TRIVIAL PURSUITS: What Is the Origin of the Phrase ‘Cold Turkey?’

When someone quits something abruptly, we say they quit “cold turkey.”

What is the origin of the phrase “cold turkey?”

 

Often now the phrase is used in relation to quitting something addictive, such as hard drugs or cigarettes. According to Merriam Webster, the theory was described by the San Francisco Chronicle columnist Herb Caen in 1978: “It derives from the hideous combination of goose pimples and what William Burroughs calls ‘the cold burn’ that addicts suffer as they kick the habit.” In “Cop Speak: The Lingo of Law Enforcement and Crime,” Tom Philbin recites a second theory, that “the term may derive from the cold, clammy feel of the skin during withdrawal, like a turkey that has been refrigerated.”

 

However, the phrase was used in different ways earlier on.
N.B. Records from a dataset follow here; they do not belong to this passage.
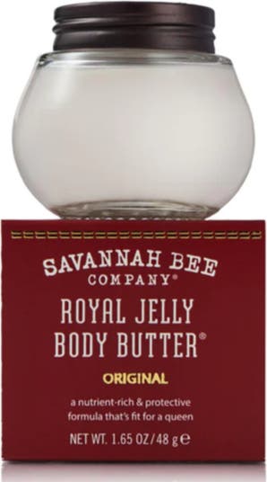 Our Original Royal Jelly Body Butter glides on with the sweet smell of wild blackberries, velvety vanilla, and hints of gardenia for the ultimate skin-quenching treat. Rose clay lends a light pink hue and removes impurities, while deep moisture and nourishing antioxidants come from royal jelly harvested from the queen's own chamber. Worker bees secrete super-nutritious royal jelly to sustain developing larvae and feed the queen.
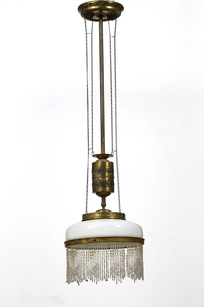 1-light hanging lamp on central strut with plate canopy, height adjustable by pulley and inserted spigot weight; glass bowl accented by brass ring and transparent glass bead hanging; brass with style-typical relief fornamentation. Traces of age/use, metal with traces of corrosion, glass rim with small chips, 1 bead band missing.
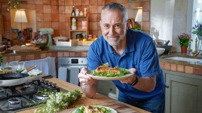 Michel cooks rack of lamb with seasonal greens, shares his family recipe for pork rillettes, cooks Mediterranean scorpion-fish with foraged herbs, leaves and flowers and recreates a glamorous dessert bringing back memories of young love.
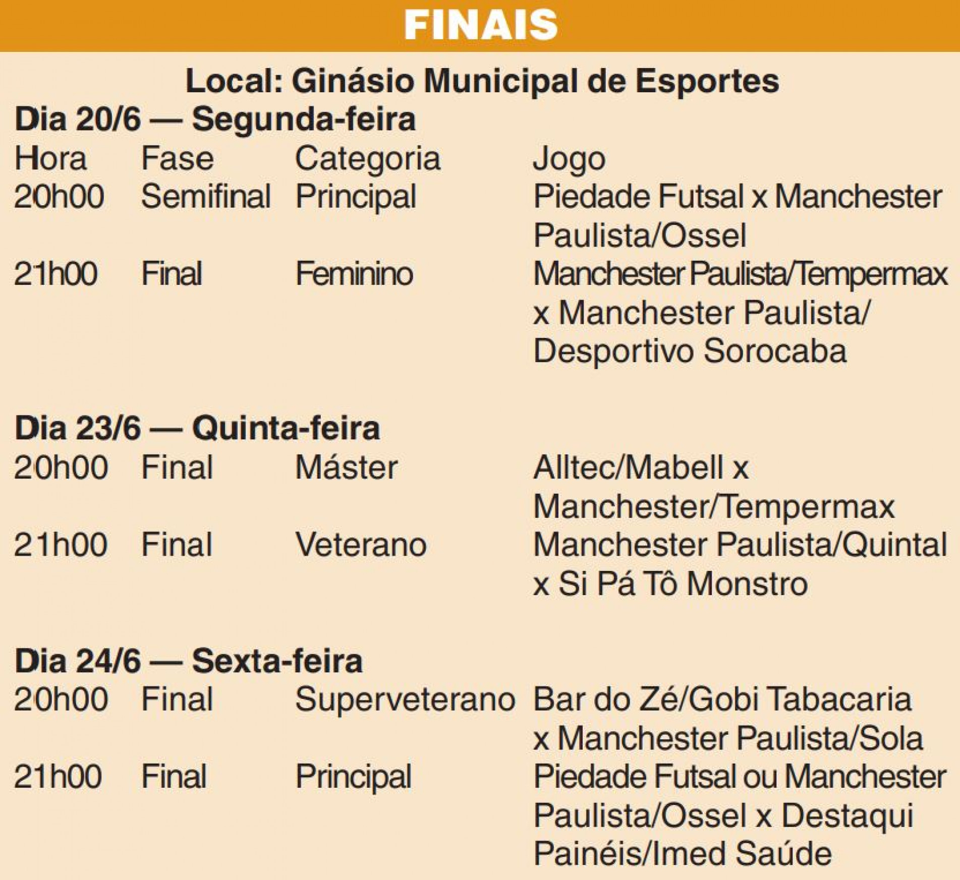 A noite de 20 de junho (segunda-feira) será aberta pela segunda semifinal da categoria Principal entre Piedade Futsal x Manchester Paulista/Ossel, às 20h. Quem vencer encara o Destaqui Painéis / Imed Saúde na sexta (24), às 21h, na final mais aguardada do campeonato. Na sequência, às 21h, será conhecido o primeiro campeão de 2022: os “co-irmãos” Manchester Paulista/Tempermax e Manchester Paulista/Desportivo Sorocaba disputam a taça do Feminino.

In a cartoon that appeared in newspapers on November 12, 1920, ace slangman Thomas “TAD” Dorgan used cold turkey this way: “Now tell me on the square—can I get by with this for the wedding—don’t string me—tell me cold turkey.” The editors of the Historical Dictionary of American Slang have found an earlier use: a 1910 usage where the speaker lost $5,000 cold turkey, in the sense of losing it outright.

 

Merriam Webster speculates it may be that the original cold turkey was a combination of cold (“straightforward, matter-of-fact”) and the earlier talk turkey, which dates back to the early 1800s and refers to speaking plainly.